It is possible that at a big jazz festival you can get a little jaded. If you went to see Roy Hargrove’s quintet in your home town, you would probably have a fun night out. But at Umbria, in an ocean of great music, Hargrove’s set disappeared within moments after the encore. What Hargrove has, in spades, is attitude. Between his fiery, brief, conventional solos, all notably lacking in original ideas, he strutted around the stage like the town badass. His alto saxophonist, Justin Robinson, took the same messy, shrill, slithering solo on every song. Hargrove’s programmed excitement felt phoned-in. (Full disclosure: The near-full house in the Morlacchi loved it.)
Umbria used a new venue this year, the Umbrò cafe. The duo of clarinetist Anat Cohen and guitarist Marcello Gonçalves were artists-in-residence and played Brazilian music there seven times. Every performance was standing-room-only. Their repertoire mostly came from their Grammy-nominated album Outra Coisa. The songs were elegant and seductive and precise, and always opened for Cohen’s wheeling, swooping, soaring flights: ecstasy as music.
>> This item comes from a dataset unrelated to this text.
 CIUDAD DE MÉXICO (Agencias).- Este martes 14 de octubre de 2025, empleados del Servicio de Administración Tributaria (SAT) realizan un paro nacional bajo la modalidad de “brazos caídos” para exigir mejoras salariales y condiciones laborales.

A venue that has become important at Umbria is Sala Podiani, a beautiful two-story museum space in the Galleria Nazionale dell’Umbria. There were noon concerts there for nine days, by solo performers or small ensembles. Last year this tall room with marble floors was a reverberant acoustic disaster. This year it was much improved by the addition of carpeting, upholstered seating, and wall units for sound traps. Italy’s most important and wildest trombonist, Gianluca Petrella, has a new project with vibraphonist Pasquale Mirra that has mellowed him a little. They played a free yet heartfelt “Goodbye Pork Pie Hat,” Mingus’ immortal eulogy for Lester Young. (It would have been nice to hear the Mingus Big Band also play it.). Ethan Iverson gave a fun, friendly, and rare solo piano recital. Dan Kinzelman’s Ghost is a unique four-horn chamber ensemble often willing to blow the doors off the chamber. A new group containing three of Italy’s most talented, most fearless players (guitarist Francesco Diodati, trombonist Filippo Vignato, and bassist Francesco Ponticelli) surprised everyone by behaving themselves. They played an atmospheric set of concentrated quietude. Elvis Costello’s “Someone Took the Words Away” emanated into a room of dead silence.
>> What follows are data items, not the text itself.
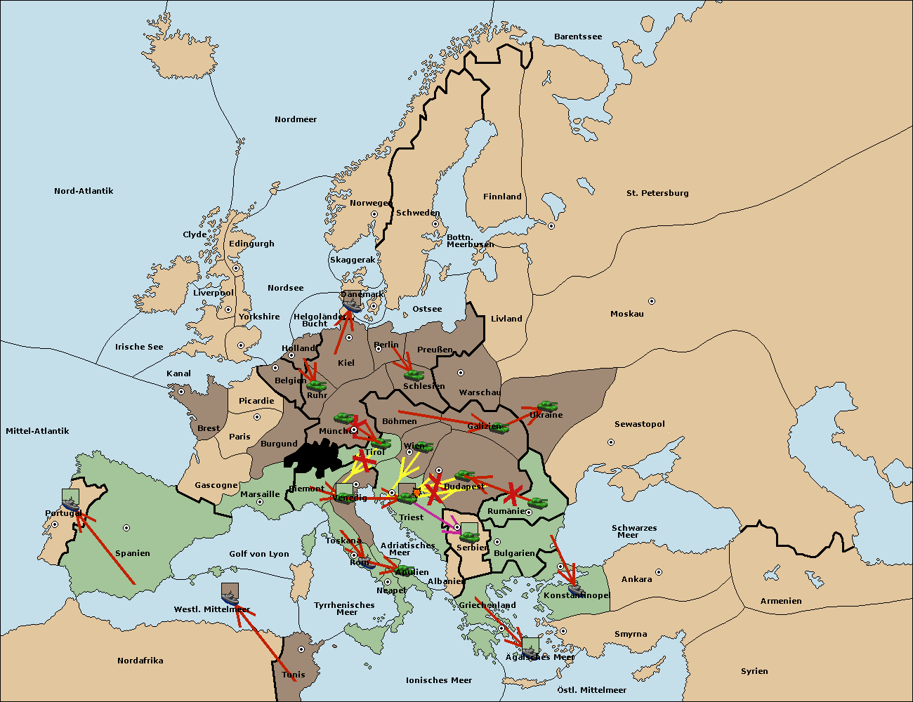 • Die Armee in Triest move nach Budapest. (gescheitert) (verdrängt)
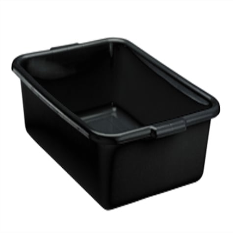This Traex® Black Bus Box can be used to hold dirty dishes and to clean off an entire table in one trip. The Bus Box has Tapered Side Walls and Stacking lugs that permit easy separation.
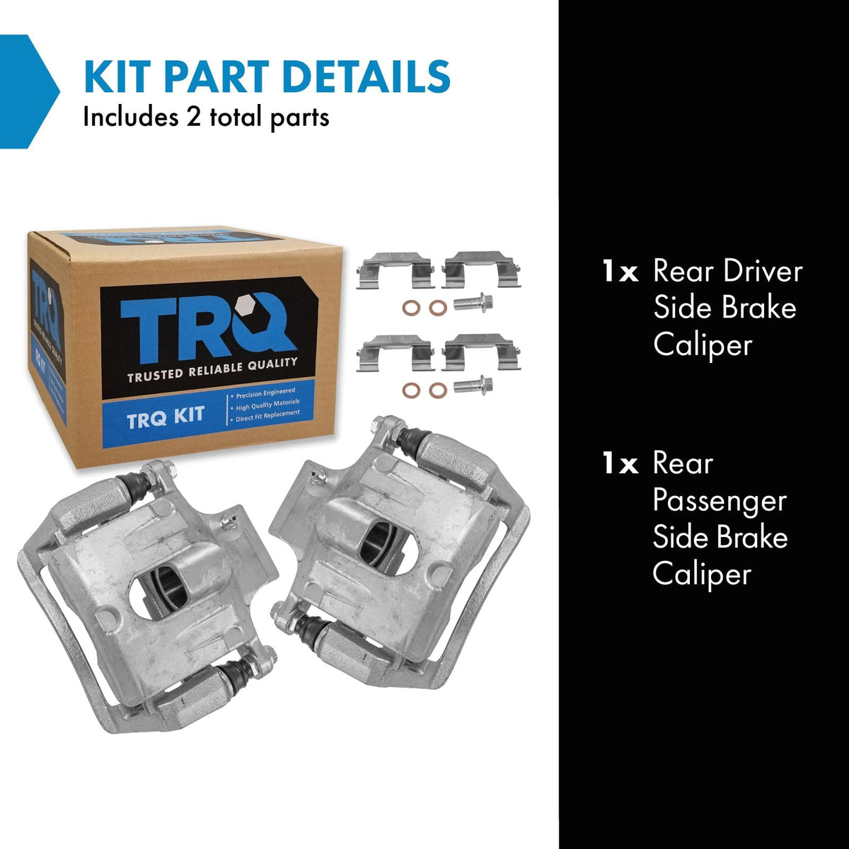 2 Piece Brake Caliper SetKit Includes(1) Rear Driver Side Brake Caliper(1) Rear Passenger Side Brake CaliperFitmentCompatible with: 2002-09 Chevrolet Trailblazer Rear Driver & Passenger SideCompatible with: 2002-09 GMC Envoy Rear Driver & Passenger SideCompatible with: 2002-06 Chevrolet Trailblazer EXT Rear Driver & Passenger SideCompatible with: 2002-06 GMC Envoy XL Rear Driver & Passenger SideCompatible with: 2004-07 Buick Rainier Rear Driver & Passenger SideCompatible with: 2003-06 Chevrolet SSR Rear Driver & Passenger SideCompatible with: 2004-05 GMC Envoy XUV Rear Driver & Passenger SideCompatible with: 2002-04 Olds Bravada Rear Driver & Passenger SideCompatible with: 2003-08 Isuzu Ascender Rear Driver & Passenger SideCompatible with: 2005-09 Saab 9-7X Rear Driver & Passenger SideProduct AttributesQuantity: 2 PieceIncludes: BracketIncludes: HardwareProduct Features High-Temperature EPDM Seals and Boots: Improved resistance to thermal deterioration Electrostatic High Heat Powder Coating: Resist rust and corrosion Racing-Grade Silicone Lubricant Hardware and Abutment Kit Included 100% New ComponentsItem DetailsTRQ brake calipers are made from premium raw materials designed to restore original performance. All TRQ calipers are new, so there will never be a core charge with your TRQ purchase. TRQ brake calipers include upgraded seals, washers, abutment kits and brackets where applicable to ensure a complete repair. TRQ recommends replacing your calipers in pairs with new brake pads and brake rotors to ensure components wear evenly and avoid multiple repairs of the same system. All products are fit and road-tested in our Massachusetts R&D facility to ensure we deliver on our promise of Trusted Reliable Quality.Reference NumbersACDelco: 18FR2079C, 18FR2080CBBB Industries: 99-17320L-C, 99-17320R-CCARDONE Reman: 18-B4804, 18-B4805DFC Calipers Outright Program - Archived: 331-48600, 331-48601Nugeon: 22-17320L, 22-17320RRaybestos Brakes: FRC11331, FRC11331N, FRC11332, FRC11332NUAP: C66507, C66508UCX: 14-4256, 14-4257

Two solo piano recitals in Sala Podiani were the framing, defining moments of Umbria 2018. On the second day, Stefano Battaglia’s concert was titled “Pelagos,” for his recent ECM album. But he did not do songs from Pelagos, except in glimpses and passing allusions. Instead he sat down and played for an hour without interruption or announcement, and completely reimagined his album, which was inspired by the migrants and exiles now seeking asylum in Europe, and their suffering. He is one of the great unheralded pianists in jazz, whose technical mastery serves asymmetrical, episodic, proprietary, sometimes jagged lyricism of enormous spiritual power. In music that came out of tragic awareness and empathy, there were cries of pain but also recognitions of courage. It is a central paradox of art: that portrayals of sadness and darkness, in their truth, can be beautiful.
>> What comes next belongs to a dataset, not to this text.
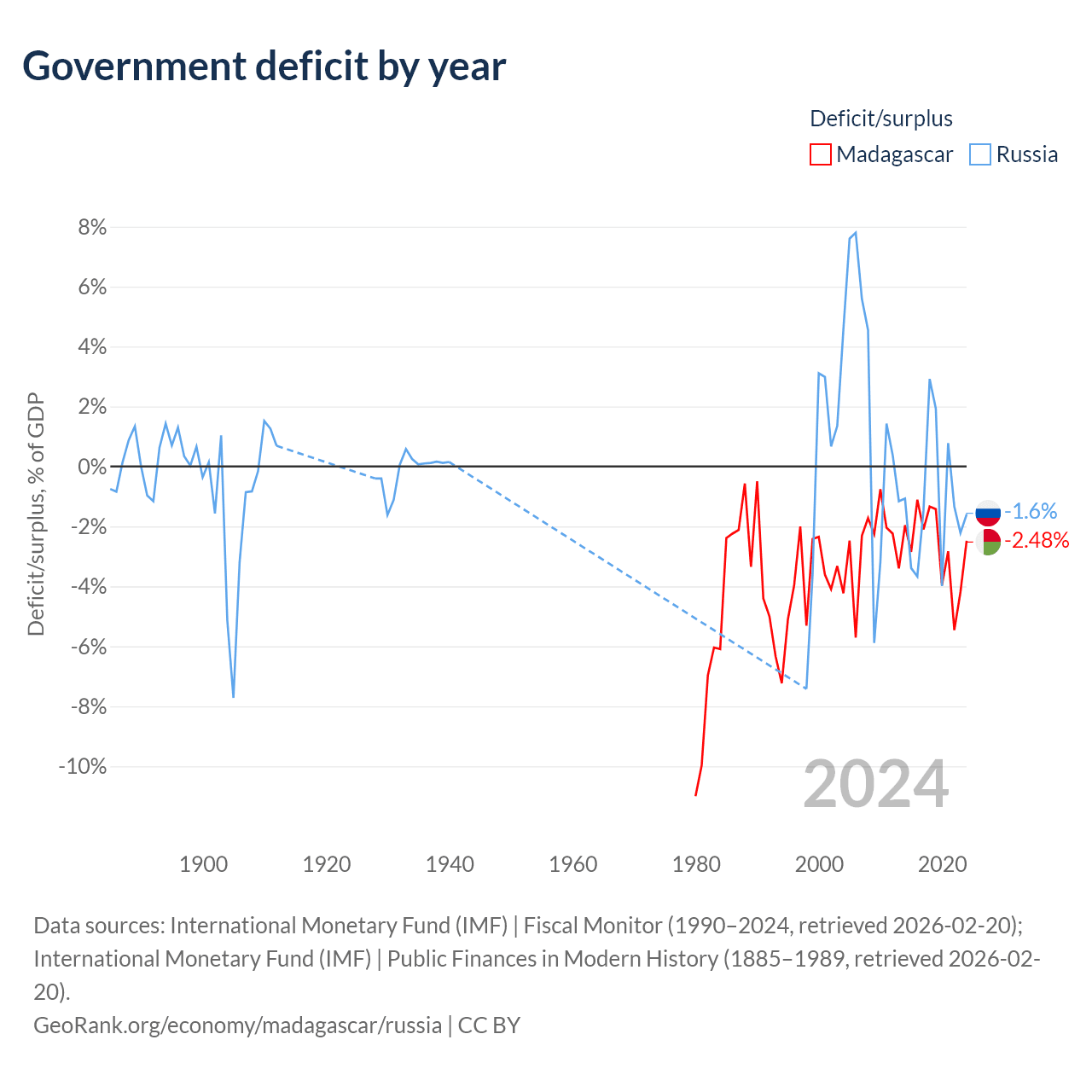 - International Monetary Fund (IMF) | Public Finances in Modern History (1885–1996, retrieved 2026-02-20)

Danilo Rea is not unheralded. He is so popular in Italy that a second concert had to be added on the last day of the festival. Rea’s performance was very different from Battaglia’s, except in its emotional impact. Rea set in motion a 90-minute stream of consciousness in which songs like mileposts in the lives of everyone present kept coalescing out of the flow: “Come Together” became “Autumn Leaves” became “Hey Jude.” Rea created tapestries containing tribal memories as songs. The last was “Hallelujah,” in an extended rendering full of dramatic hesitations and more dramatic ascents. It was the apotheosis of Leonard Cohen’s greatest song. Some in the audience found themselves standing at the end. On rare occasions, the uplift of music can take you out of yourself. It can release you.